The years

I began working as a journalist in 1978 immediately I finished my degree and I was lucky to find a job so quickly. Lucky, as well, to have been working ever since virtually constantly. I totted the years up  - 32 of them and all spent writing or, more recently, encouraging others to.
Most of my working life I've been freelance. It's allowed me a four day week, even less, from time to time. It allows me to put washing in the machine while I'm working at home, be around at the end of a school or college day.
The downside is no paid holidays, time off sick and - an issue that may seem a luxury - no paid time to experiment. I gave myself three months this summer to concentrate on poetry and now I want more. It was overdue but I want more of it. In 32 years I've had just one other equivalent block of time, in my 30s, when I spent a summer in France after a relationship ended. The only other work breaks were when I had my children - I could afford about 4 months when I had my son, 5 when I had my daughter.
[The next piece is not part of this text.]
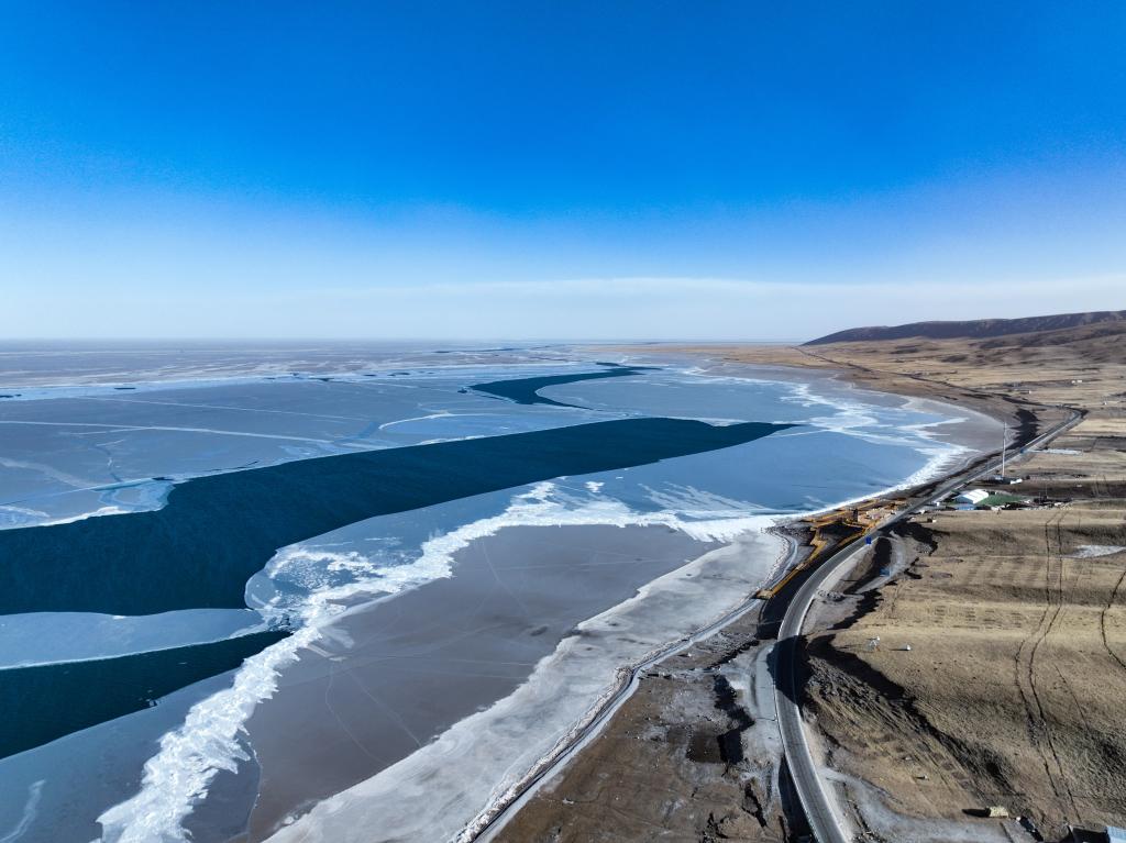 1月25日,青海省海南藏族自治州共和縣境內(nèi)的青海湖一角(無人機(jī)照片)。新華社記者 耿輝凰 攝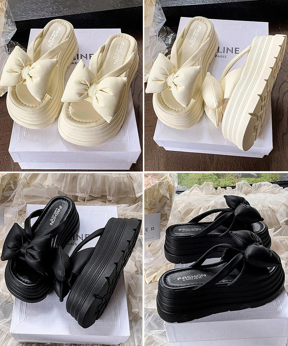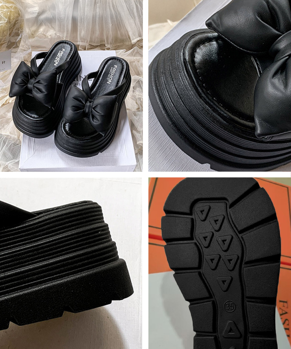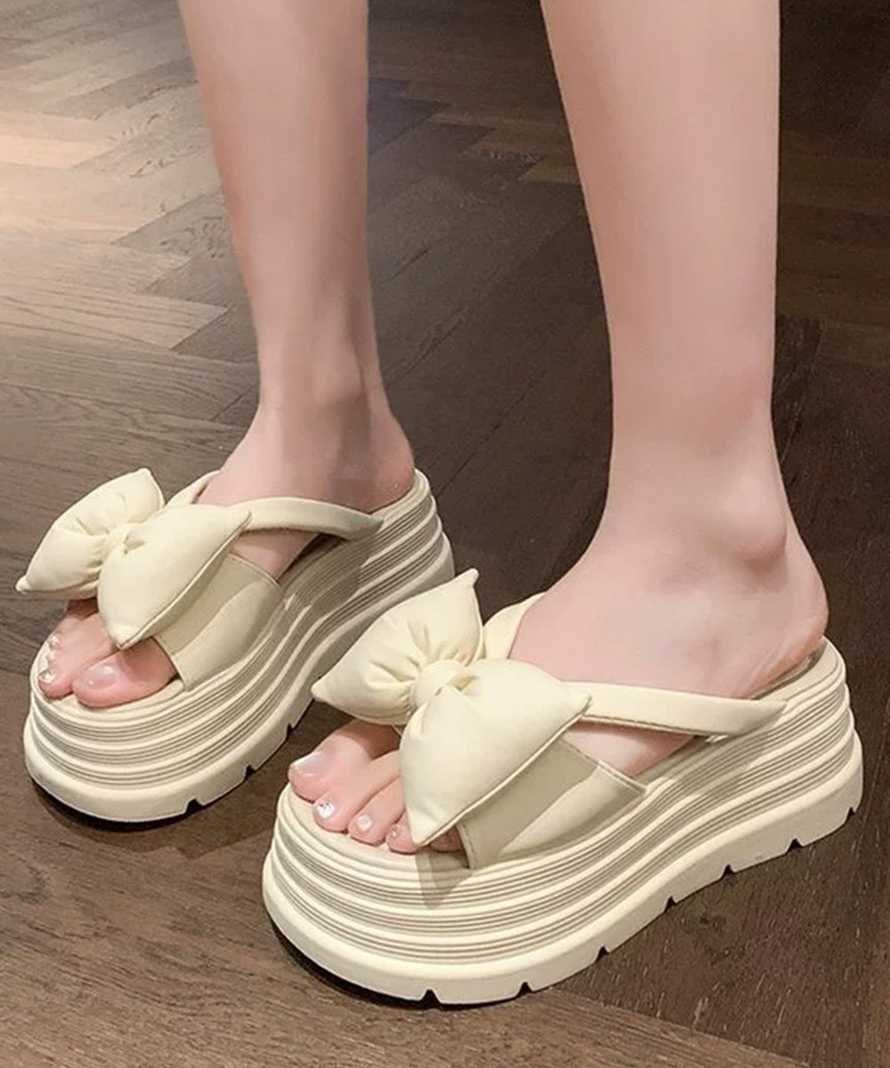 大きめリボンが足元を華やかに見せる7cm厚底サンダル。

I wish I could convince myself that it's unreasonable to expect more, that the freedom I've had freelancing more than makes up for the absence of a pension and retirement time. I wish I could use scraps of time better.
But there is no substitute for prolonged thinking time, for what it can yield and the opportunity it offers for chasing a hunch, for daydreaming, for experimenting.
Someone once told me I should write down what I wanted. This is my desire. To find a way of funding six months uninterrupted by work of any kind to write more of the poems that emerged in the summer.